Top of INPUT MATERIAL
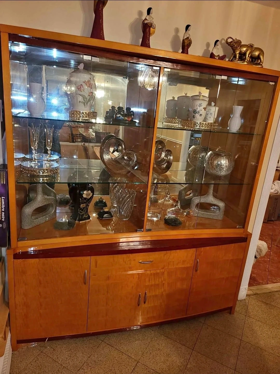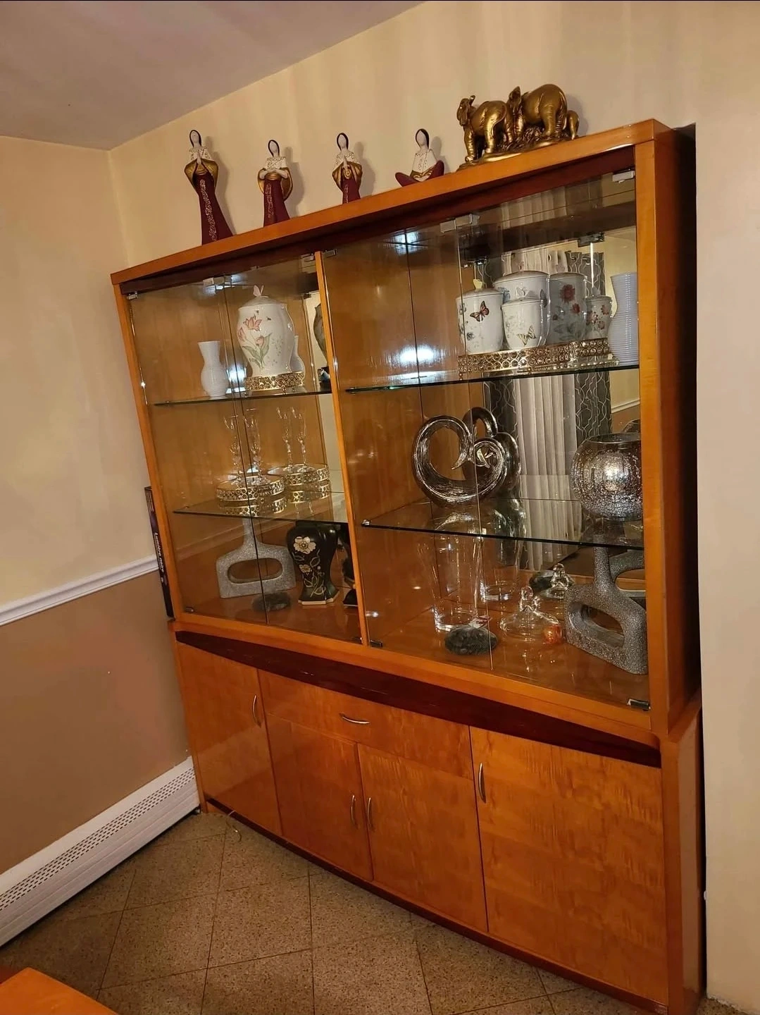 This vintage display cabinet features a rich wood finish and glass doors, perfect for showcasing your decorative items. It has multiple shelves for ample storage and display space. The bottom section offers cabinet storage with doors.
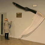 Ofiarodawczyni Danuta Piotrowska dokonała odsłonięcia pamiątkowej ekspozycji, która na ścianie hangaru pozostanie już na stałe.
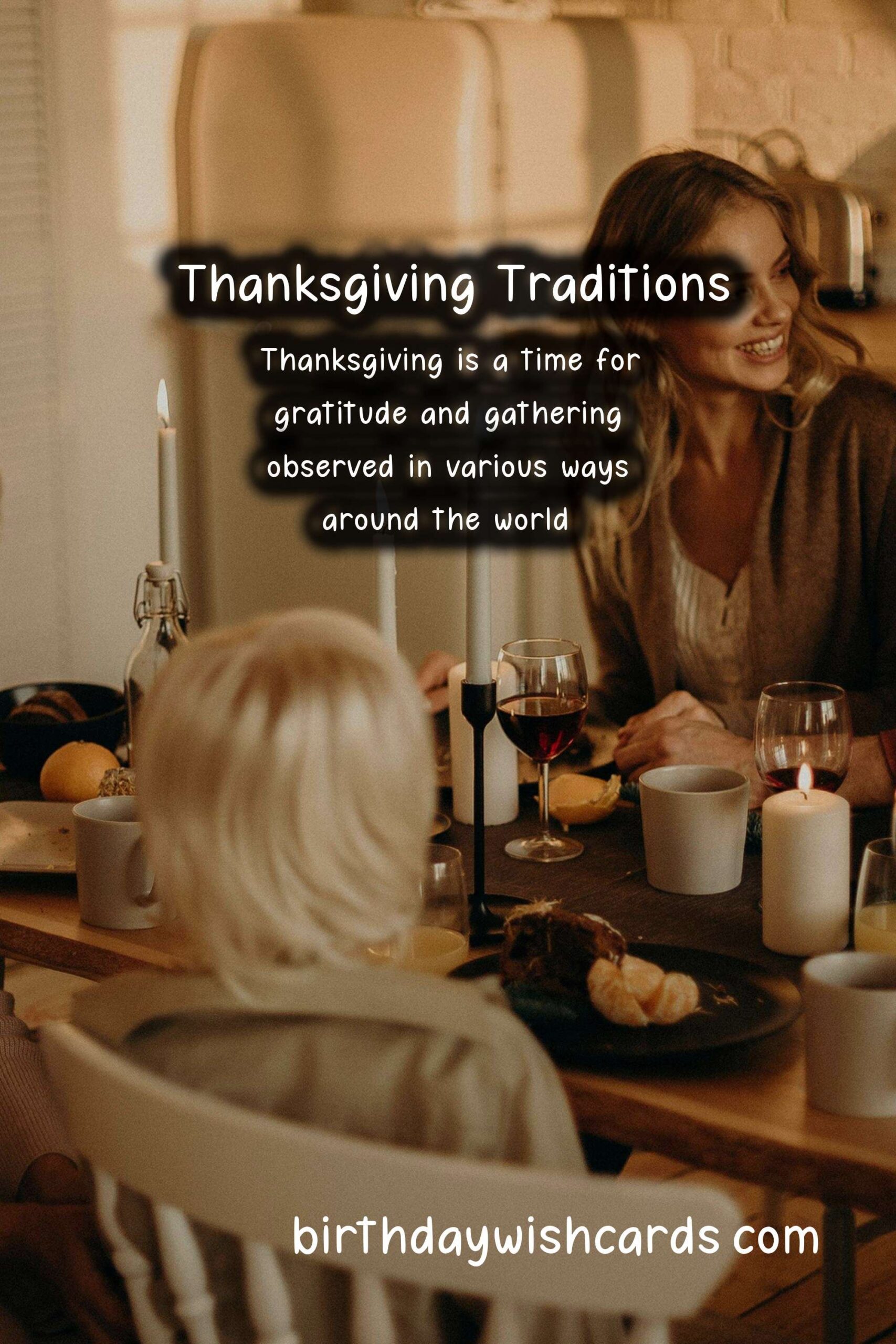 In the United States, Thanksgiving is celebrated on the fourth Thursday of November. It is a time for family reunions, feasting, and reflecting on what one is thankful for. The traditional meal includes roasted turkey, stuffing, cranberry sauce, and pumpkin pie. Parades and football games are also a significant part of the celebration.
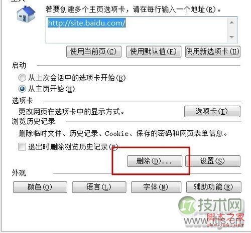 然后在IE选项中,我们会看到IE临时文件的选项,然后我们点击“删除”。
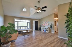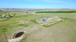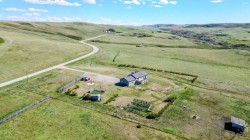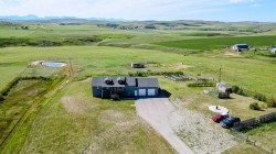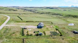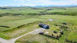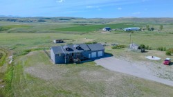Wow—welcome to your own private retreat! This 5-bedroom, 3.5-bathroom bungalow sits on 10.01 acres and is loaded with features that make it stand out! Step inside and you’ll be greeted with vaulted ceilings, an open-concept floor plan, and tons of natural light! The kitchen flows seamlessly into the living space, creating the perfect spot for family hangouts or hosting friends.Movie night anyone? The walk-out basement is home to an incredible theatre setup that makes you feel like you’ve got your very own cinema—grab the popcorn and settle in for the big screen experience without ever leaving home! Add in a spacious game room, and you’ll quickly see how much fun this house is built for!Outside, you’ll find plenty of space to stretch out and enjoy country living. With a brand new dog fence just installed, your four-legged friends can run and play safely while you relax on the back deck and soak in one of the best views in all of Southern Alberta! The property also has room for horses, hobby animals, or simply enjoying the elbow room that acreage life provides.The home is serviced by a spring-fed cistern, giving you reliable water for the acreage lifestyle. Pair that with in-floor heating, a large attached garage, and endless outdoor potential, and this property truly checks all the boxes!This isn’t just a house—it’s a lifestyle waiting for its next chapter! Don’t let it slip away!
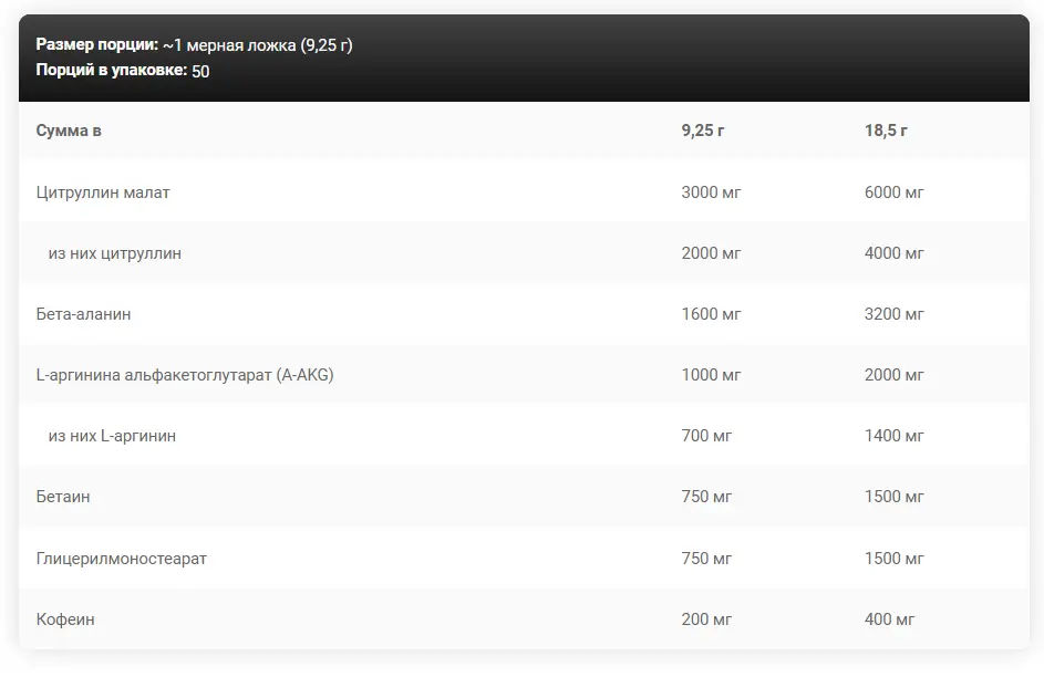 Пищевая добавка. С подсластителями. Содержит кофеин (200 мг/порция 9,25 г; 400 мг/дневная порция 18,5 г). Не рекомендуется детям и беременным женщинам. Предтренировочная формула, содержащая цитруллин малат, бета-аланин и бетаин, предназначена для физически активных взрослых.
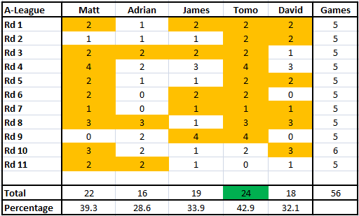 > A-League Round 12/EPL Gameweek 18 Megatips > A-LeagueRd11
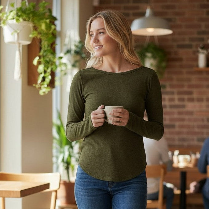 A sleek essential with a modern edge. This fitted long sleeve top features a smooth, body-hugging silhouette from the front and an unexpected open scoop back that adds just the right amount of intrigue. Designed to move with you, the soft stretch fabric offers comfort without sacrificing shape. The dark olive hue makes it endlessly wearable while still feeling elevated and intentional.
Bottom of INPUT MATERIAL
_TASK REQUIREMENTS_
Leaving out every picture, repeat exactly the lines of the records from the start through the line that has "Wow—welcome to your".

_EXERCISE RESPONSE_
 This vintage display cabinet features a rich wood finish and glass doors, perfect for showcasing your decorative items. It has multiple shelves for ample storage and display space. The bottom section offers cabinet storage with doors.
 Ofiarodawczyni Danuta Piotrowska dokonała odsłonięcia pamiątkowej ekspozycji, która na ścianie hangaru pozostanie już na stałe.
 In the United States, Thanksgiving is celebrated on the fourth Thursday of November. It is a time for family reunions, feasting, and reflecting on what one is thankful for. The traditional meal includes roasted turkey, stuffing, cranberry sauce, and pumpkin pie. Parades and football games are also a significant part of the celebration.
 然后在IE选项中,我们会看到IE临时文件的选项,然后我们点击“删除”。
Wow—welcome to your own private retreat! This 5-bedroom, 3.5-bathroom bungalow sits on 10.01 acres and is loaded with features that make it stand out! Step inside and you’ll be greeted with vaulted ceilings, an open-concept floor plan, and tons of natural light! The kitchen flows seamlessly into the living space, creating the perfect spot for family hangouts or hosting friends.Movie night anyone? The walk-out basement is home to an incredible theatre setup that makes you feel like you’ve got your very own cinema—grab the popcorn and settle in for the big screen experience without ever leaving home! Add in a spacious game room, and you’ll quickly see how much fun this house is built for!Outside, you’ll find plenty of space to stretch out and enjoy country living. With a brand new dog fence just installed, your four-legged friends can run and play safely while you relax on the back deck and soak in one of the best views in all of Southern Alberta! The property also has room for horses, hobby animals, or simply enjoying the elbow room that acreage life provides.The home is serviced by a spring-fed cistern, giving you reliable water for the acreage lifestyle. Pair that with in-floor heating, a large attached garage, and endless outdoor potential, and this property truly checks all the boxes!This isn’t just a house—it’s a lifestyle waiting for its next chapter! Don’t let it slip away!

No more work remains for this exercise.